Insights into shale gas adsorption and an improved method for characterizing adsorption isotherm from molecular perspectives

•The specific multiscale inter-connected pore models of shale are proposed.•The dependences of diverse media properties and pore size on CH4 adsorption behaviors are clearly examined by GCMC simulations.•An improved method for calibrating isothermal adsorption experimental result is proposed. Gas adsorption behavior in shale complex porous media is of great importance to gas in place (GIP) evaluation and exploration. At present, the mechanism of methane adsorption has not been adequately investigated in multi-size nanoscale space via experimental and simulation methods. In this work, the specific multi-size inter-connected pore models are proposed to study the adsorption isotherm and density profiles based on the veritable pore structure characterizations of shale samples. The grand canonical Monte Carlo (GCMC) simulations are utilized to give insight into methane adsorption behavior in organic matter and inorganic clay minerals with multi-size pores at reservoir conditions. Based on the proposed models, the effects on adsorption behaviors of methane molecules under the simultaneous action of diverse media surfaces and variable pore sizes are carefully examined.
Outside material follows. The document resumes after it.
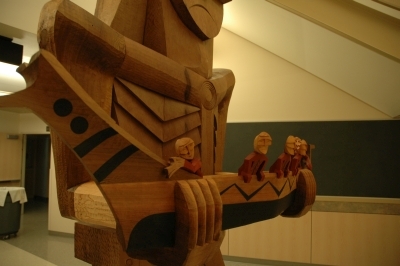 Navigator was created by non-Native artist Adam McIsaac for Columbia Valley Elementary in Vancouver, Southwestern Washington. McIsaac was inspired by the two-hundred-year anniversary of Lewis and Clark's westward expedition from Missouri to the Pacific Ocean in southern Washington State, and back again (1803-1806). He also had a theme of navigation in mind. This sculpture is carved from an 1,100-year-old western redcedar tree.

In addition, the adsorbent-adsorbate interactions, which involve the cation exchange and the isosteric heat variations with media surfaces, are carefully investigated to reveal complex adsorption behaviors in shale nanopores. Considering the identified factors influencing methane adsorption and the shortcomings of experimental test, an improved method for calibrating the gas adsorption isotherms in shale is proposed from a molecular perspective, which takes into account several factors, including i) the accessible volume of methane molecules, ii) the pore size distribution in shale, and iii) the composition of organic matter and clay minerals. The GCMC simulation results are integrated into the process of calibrating experimental results in a case study with a shale sample from the Longtan Formation in the Sichuan Basin, China. The findings of this study advance the in-depth understanding of gas adsorption mechanisms in complex nanoporous structure and provide a reliable approach to evaluate the GIP in shale.